C) Therefore, the Plaintiff’s assertion on the premise that the Plaintiff did not actually acquire the instant shares is without merit.

2) Whether the donation contract under the instant donation contract is null and void

In light of the above facts, the testimony of the witness ParkF, and the headB alone is insufficient to recognize that each gift contract of this case and the securities transaction tax base return of March 31, 2009 were forged, and there is no other evidence to acknowledge it otherwise.
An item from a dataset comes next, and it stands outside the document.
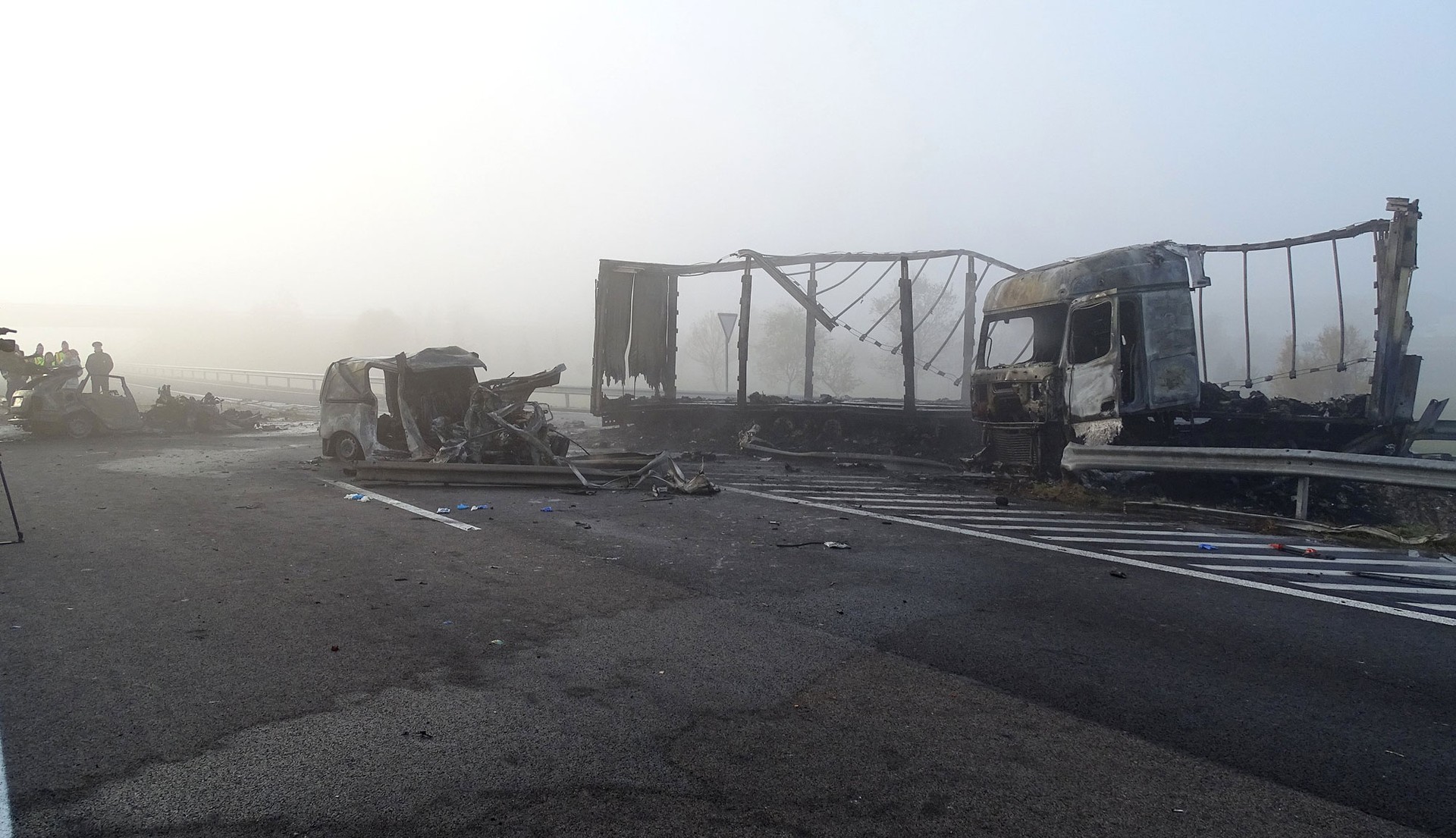 Döbbenetes képet festenek le az M5-ösön hétfőn hajnalban történt baleset helyszínén készült fotók. A kamion és a két másik jármű porig égett, hét ember halt meg.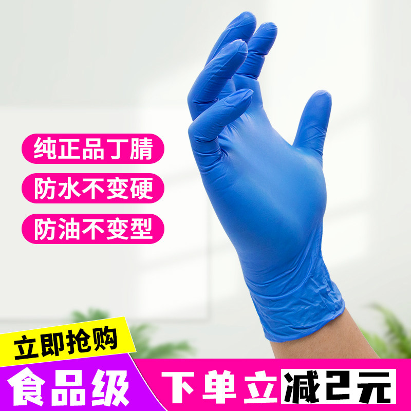 外出家用加厚防水一次性藍(lán)丁晴家務(wù)洗碗防水油餐飲賣菜肉橡膠手套

Rather, the above fact-finding, the following circumstances, namely, even if the person other than the plaintiff at the time of the formation of the gift contract of this case entered the Plaintiff’s signature and affixed a seal impression, it cannot be deemed that the headB was in order to minimize the Plaintiff’s personal disadvantage when the non-party company was declared bankrupt at the time of being declared bankrupt, and that the securities transaction tax report of March 31, 2009 attached the Plaintiff’s seal impression to the gift contract of this case submitted together with the Plaintiff’s seal impression, and the Plaintiff cannot be deemed to have forged the gift contract of this case. In light of the fact that the Plaintiff was directly issued a certificate of personal seal impression at that time, the Plaintiff cannot be deemed to have violated the Plaintiff’s intent.

3. Conclusion

The plaintiff's claim is dismissed. It is so decided as per Disposition.